Away from the WTA tour, Maria and Niemeier are teammates – both play in the German tennis Bundesliga at the current leaders TC Bredeney Essen. But they played against each other for the first time at Wimbledon. In the Wimbledon semifinals, Maria now meets either Marie Bouzkova from the Czech Republic or third-seeded Tunisian Ons Jabeur. The 34-year-old currently seems to have reached her top level. This is all the more astonishing given that her career so far has been anything but smooth.

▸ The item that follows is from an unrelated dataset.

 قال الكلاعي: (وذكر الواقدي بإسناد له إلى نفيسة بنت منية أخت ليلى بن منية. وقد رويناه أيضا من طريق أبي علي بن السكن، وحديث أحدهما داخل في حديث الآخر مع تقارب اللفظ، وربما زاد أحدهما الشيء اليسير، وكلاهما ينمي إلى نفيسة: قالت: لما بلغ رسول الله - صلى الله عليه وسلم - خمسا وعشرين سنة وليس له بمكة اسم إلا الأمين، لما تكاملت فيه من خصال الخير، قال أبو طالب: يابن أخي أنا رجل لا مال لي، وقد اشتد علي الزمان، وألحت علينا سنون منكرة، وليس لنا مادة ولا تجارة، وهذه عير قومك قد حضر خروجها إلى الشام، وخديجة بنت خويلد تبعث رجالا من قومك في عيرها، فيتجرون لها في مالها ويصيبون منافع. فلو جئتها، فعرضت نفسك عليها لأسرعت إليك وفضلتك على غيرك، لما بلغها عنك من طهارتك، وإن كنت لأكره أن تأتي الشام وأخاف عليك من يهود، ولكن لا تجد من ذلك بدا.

When she was just 20 years old, Maria suffered a pulmonary embolism at the tournament in Indian Wells in 2008, even threatened her life for a short time, and had to take a break for months. Only a year later she suffered the next stroke of fate when her father Heinrich died of cancer. 2012 proved to be a crucial turning point in Maria’s career – and personal life. In preparation for the US Open, her coach at the time sent her to a colleague in the USA. That colleague was Charles Edouard, who is now Maria’s trainer, husband, and father of their two daughters.

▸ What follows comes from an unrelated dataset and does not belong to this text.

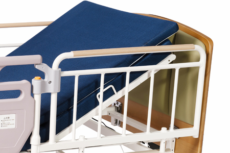 采用新型安全護(hù)欄設(shè)計(jì),當(dāng)護(hù)欄內(nèi)部受力時(shí)無法打開,可從外部向內(nèi)部按壓打開護(hù)欄,從而有效地防止了患者從內(nèi)部誤操作,導(dǎo)致墜床事故的發(fā)生,更加安全

In 2013, Maria played in the first round of Wimbledon with a visible baby bump and announced after the match that she was expecting her first child. In April 2021 the second daughter was born. Now Maria lives with her husband in Palm Beach Gardens in the USA – and in a prominent neighborhood. Right next to her lives 23-time Grand Slam winner Serena Williams, who was eliminated in the first round at Wimbledon this year. A close friendship has developed between Maria and Williams, both of whom also take care of each other’s children.

Maria criticizes WTA

In March, Maria sharply criticized the World Association WTA because, in her opinion, there was not enough support for pregnant women and mothers on tour. “In tennis, pregnant women are not referred to as pregnant, we are more or less among the injured players,” said the mother of two daughters in an interview with the ARD sports show. “I don’t understand that the WTA hasn’t created an extra rule for pregnant women and we have to use the rule for injured people.”

Tatyana Maria
Tatjana Maria with her husband Charles Edouard Maria

The biggest annoyance with this rule is the so-called “protected ranking”. If a player returns to the tour, this applies to all four Grand Slams, while the players only apply to two majors, Maria said. The “Protected Ranking” ensures that players after long-term injuries can play twelve tournaments with the same world ranking position that they had before the injury. This is to prevent professionals from falling back to a bad world ranking position after a long break and thus meeting high-ranked opponents early in tournaments. Show jumper Janne Friederike Meyer-Zimmermann tries to achieve the same in equestrian sports.

Maria had also approached WTA boss Steve Simon with her request – but so far without result. Simon said he would think about it. Sportingly bitter for Maria is that after the exclusion of Russian and Belarusian athletes, the points that are so important for the world rankings do not count. That was the consequence of the ATP and WTA on the English decision not to let players from Russia and Belarus started. But when Maria looked incredulously into the box at her coach and husband after the match, she didn’t think about it. The dream of the first Grand Slam victory of her career is alive – and is now only two victories away.